(New York, NY) – Reporting today suggests the Trump administration will move to expel Chinese graduate students with connections to military-linked universities. That comes as two Republican senators have introduced a bill to bar Chinese nationals from obtaining visas to study STEM fields at U.S. universities. PEN America today said such moves are discriminatory.

“These proposals risk institutionalizing nationality-based discrimination, full stop,” said Jonathan Friedman, director of the Campus Free Speech Program at PEN America. “There are valid reasons to be concerned about espionage by the Chinese government in U.S. universities and beyond. We need to find ways to defend against that legitimate threat without resorting to policies that paint with too broad a brush and risk a host of negative consequences. Expelling all Chinese students with certain university affiliations, without regard to whether their work or field of study raises specific concerns, or denying Chinese students visas for STEM fields en masse, echoes dark historic trends that must not be allowed to resurge.”

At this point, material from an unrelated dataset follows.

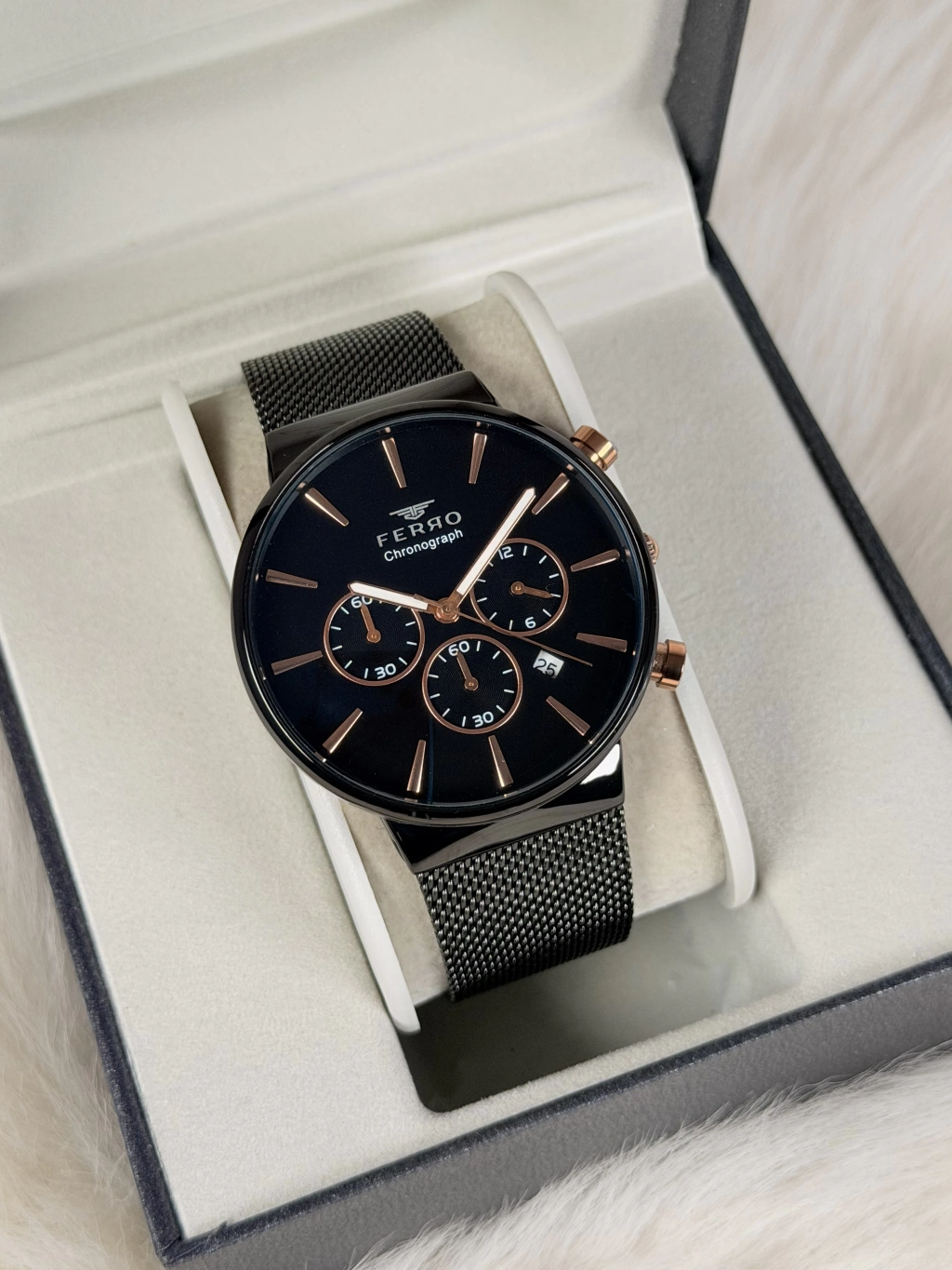 Ferro FM1697C-G Black Mesh Strap Men's Wristwatch at Ferro Time

These moves follow a trend of anti-immigrant orders that have been a hallmark of the Trump presidency, and anti-Chinese sentiment that has grown more extreme during the COVID-19 pandemic. PEN America previously expressed concern over reports that the State Department was considering new measures to vet and monitor applicants for student visas from China, and that the FBI was advising U.S. universities to develop protocols for monitoring students and scholars from Chinese state-affiliated research institutions. PEN America has stressed that any such measures must be based on individualized suspicion, not rooted in blanket exclusions.

“It is true that international exchange with China, a country where the government prioritizes the furtherance of its national interests over guarantees of academic freedom, poses serious challenges,” said PEN America’s Friedman. “But it also brings significant benefits to both the U.S. and China individually, and to relations and understanding between the two countries. The U.S. government cannot credibly stand against authoritarianism and uphold academic freedom while engaging in widespread expulsions based upon guilt by association, or imposing blunderbuss visa denials predicated on nationality. If there are articulable concerns about specific individuals because of their activities and affiliations, those should be pursued without regard to students’ country of origin. As they stand, these policies threaten to impede the training of new scientists and disrupt ongoing academic projects. They jeopardize the future of global scholarly exchange and are at odds with U.S. universities’ liberal and democratic values.”